DATA BLOCK |
━━━━━━━━
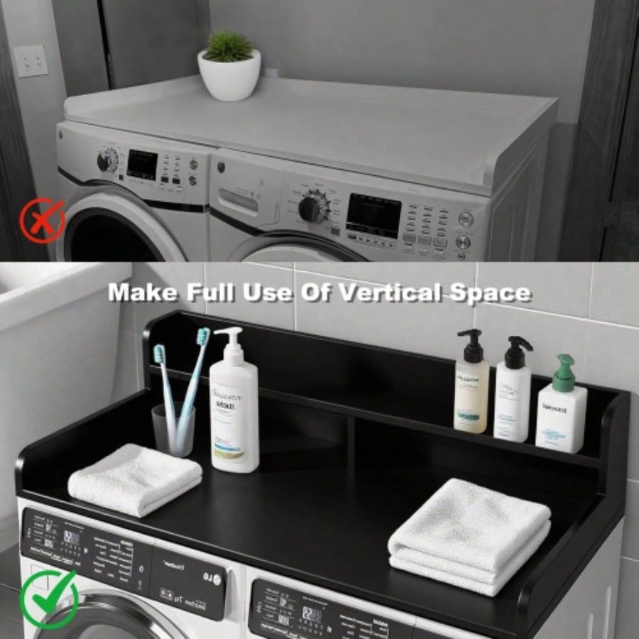 2 - Tier Washer and Dryer Countertop with 2.75 H Guard, 54x 27.5 D Laundry Countertop Cover, Large Space Laundry Topper Folding Clothes Over Washer and Dryer, Black
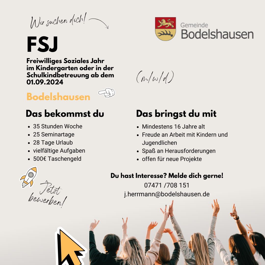 Im Amt für Kinder, Jugend und Familie der Gemeinde Bodelshausen bieten wir 5 Stellen für den Freiwilligendienst (Bundesfreiwilligendienst und Freiwilliges Soziales Jahr) an.
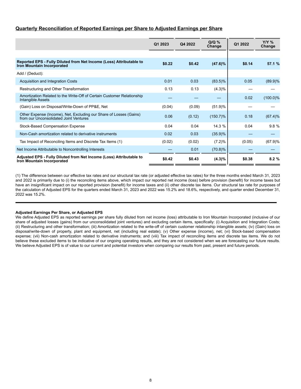 Quarterly Reconciliation of Reported Earnings per Share to Adjusted Earnings per Share Q1 2023 Q4 2022 Q/Q % Change Q1 2022 Y/Y % Change Reported EPS - Fully Diluted from Net Income (Loss) Attributable to Iron Mountain Incorporated $0.22 $0.42 (47.6) % $0.14 57.1 % Add / (Deduct): Acquisition and Integration Costs 0.01 0.03 (83.5) % 0.05 (89.9) % Restructuring and Other Transformation 0.13 0.13 (4.3) % — — Amortization Related to the Write-Off of Certain Customer Relationship Intangible Assets — — — 0.02 (100.0) % (Gain) Loss on Disposal/Write-Down of PP&E, Net (0.04) (0.09) (51.9) % — — Other Expense (Income), Net, Excluding our Share of Losses (Gains) from our Unconsolidated Joint Ventures 0.06 (0.12) (150.7) % 0.18 (67.4) % Stock-Based Compensation Expense 0.04 0.04 14.3 % 0.04 9.8 % Non-Cash amortization related to derivative instruments 0.02 0.03 (35.9) % — — Tax Impact of Reconciling Items and Discrete Tax Items (1) (0.02) (0.02) (7.2) % (0.05) (67.9) % Net Income Attributable to Noncontrolling Interests — 0.01 (70.8) % — — Adjusted EPS - Fully Diluted from Net Income (Loss) Attributable to Iron Mountain Incorporated $0.42 $0.43 (4.3) % $0.38 8.2 % (1) The difference between our effective tax rates and our structural tax rate (or adjusted effective tax rates) for the three months ended March 31, 2023 and 2022 is primarily due to (i) the reconciling items above, which impact our reported net income (loss) before provision (benefit) for income taxes but have an insignificant impact on our reported provision (benefit) for income taxes and (ii) other discrete tax items. Our structural tax rate for purposes of the calculation of Adjusted EPS for the quarters ended March 31, 2023 and 2022 was 15.2% and 18.6%, respectively, and quarter ended December 31, 2022 was 15.2%. Adjusted Earnings Per Share, or Adjusted EPS We define Adjusted EPS as reported earnings per share fully diluted from net income (loss) attributable to Iron Mountain Incorporated (inclusive of our share of adjusted losses (gains) from our unconsolidated joint ventures) and excluding certain items, specifically: (i) Acquisition and Integration Costs; (ii) Restructuring and other transformation; (iii) Amortization related to the write-off of certain customer relationship intangible assets; (iv) (Gain) loss on disposal/write-down of property, plant and equipment, net (including real estate); (v) Other expense (income), net; (vi) Stock-based compensation expense; (vii) Non-cash amortization related to derivative instruments; and (viii) Tax impact of reconciling items and discrete tax items. We do not believe these excluded items to be indicative of our ongoing operating results, and they are not considered when we are forecasting our future results. We believe Adjusted EPS is of value to our current and potential investors when comparing our results from past, present and future periods. 8
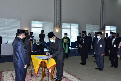 BENGKALIS–Sebanyak 29 pejabat struktural di Lingkup Pemerintah Kabupaten (Pemkab) Bengkalis dilantik Plh Bupati Bengkalis, Bustami HY di Ruang Dang Merdu Lantai IV Kantor Bupati Bengkalis, Jumat (12/06/2020).
━━━━━━━━
YOUR TASK |
Return the listing unchanged except for the pictures, which should be dropped.

ANSWER SPACE |
 2 - Tier Washer and Dryer Countertop with 2.75 H Guard, 54x 27.5 D Laundry Countertop Cover, Large Space Laundry Topper Folding Clothes Over Washer and Dryer, Black
 Im Amt für Kinder, Jugend und Familie der Gemeinde Bodelshausen bieten wir 5 Stellen für den Freiwilligendienst (Bundesfreiwilligendienst und Freiwilliges Soziales Jahr) an.
 Quarterly Reconciliation of Reported Earnings per Share to Adjusted Earnings per Share Q1 2023 Q4 2022 Q/Q % Change Q1 2022 Y/Y % Change Reported EPS - Fully Diluted from Net Income (Loss) Attributable to Iron Mountain Incorporated $0.22 $0.42 (47.6) % $0.14 57.1 % Add / (Deduct): Acquisition and Integration Costs 0.01 0.03 (83.5) % 0.05 (89.9) % Restructuring and Other Transformation 0.13 0.13 (4.3) % — — Amortization Related to the Write-Off of Certain Customer Relationship Intangible Assets — — — 0.02 (100.0) % (Gain) Loss on Disposal/Write-Down of PP&E, Net (0.04) (0.09) (51.9) % — — Other Expense (Income), Net, Excluding our Share of Losses (Gains) from our Unconsolidated Joint Ventures 0.06 (0.12) (150.7) % 0.18 (67.4) % Stock-Based Compensation Expense 0.04 0.04 14.3 % 0.04 9.8 % Non-Cash amortization related to derivative instruments 0.02 0.03 (35.9) % — — Tax Impact of Reconciling Items and Discrete Tax Items (1) (0.02) (0.02) (7.2) % (0.05) (67.9) % Net Income Attributable to Noncontrolling Interests — 0.01 (70.8) % — — Adjusted EPS - Fully Diluted from Net Income (Loss) Attributable to Iron Mountain Incorporated $0.42 $0.43 (4.3) % $0.38 8.2 % (1) The difference between our effective tax rates and our structural tax rate (or adjusted effective tax rates) for the three months ended March 31, 2023 and 2022 is primarily due to (i) the reconciling items above, which impact our reported net income (loss) before provision (benefit) for income taxes but have an insignificant impact on our reported provision (benefit) for income taxes and (ii) other discrete tax items. Our structural tax rate for purposes of the calculation of Adjusted EPS for the quarters ended March 31, 2023 and 2022 was 15.2% and 18.6%, respectively, and quarter ended December 31, 2022 was 15.2%. Adjusted Earnings Per Share, or Adjusted EPS We define Adjusted EPS as reported earnings per share fully diluted from net income (loss) attributable to Iron Mountain Incorporated (inclusive of our share of adjusted losses (gains) from our unconsolidated joint ventures) and excluding certain items, specifically: (i) Acquisition and Integration Costs; (ii) Restructuring and other transformation; (iii) Amortization related to the write-off of certain customer relationship intangible assets; (iv) (Gain) loss on disposal/write-down of property, plant and equipment, net (including real estate); (v) Other expense (income), net; (vi) Stock-based compensation expense; (vii) Non-cash amortization related to derivative instruments; and (viii) Tax impact of reconciling items and discrete tax items. We do not believe these excluded items to be indicative of our ongoing operating results, and they are not considered when we are forecasting our future results. We believe Adjusted EPS is of value to our current and potential investors when comparing our results from past, present and future periods. 8
 BENGKALIS–Sebanyak 29 pejabat struktural di Lingkup Pemerintah Kabupaten (Pemkab) Bengkalis dilantik Plh Bupati Bengkalis, Bustami HY di Ruang Dang Merdu Lantai IV Kantor Bupati Bengkalis, Jumat (12/06/2020).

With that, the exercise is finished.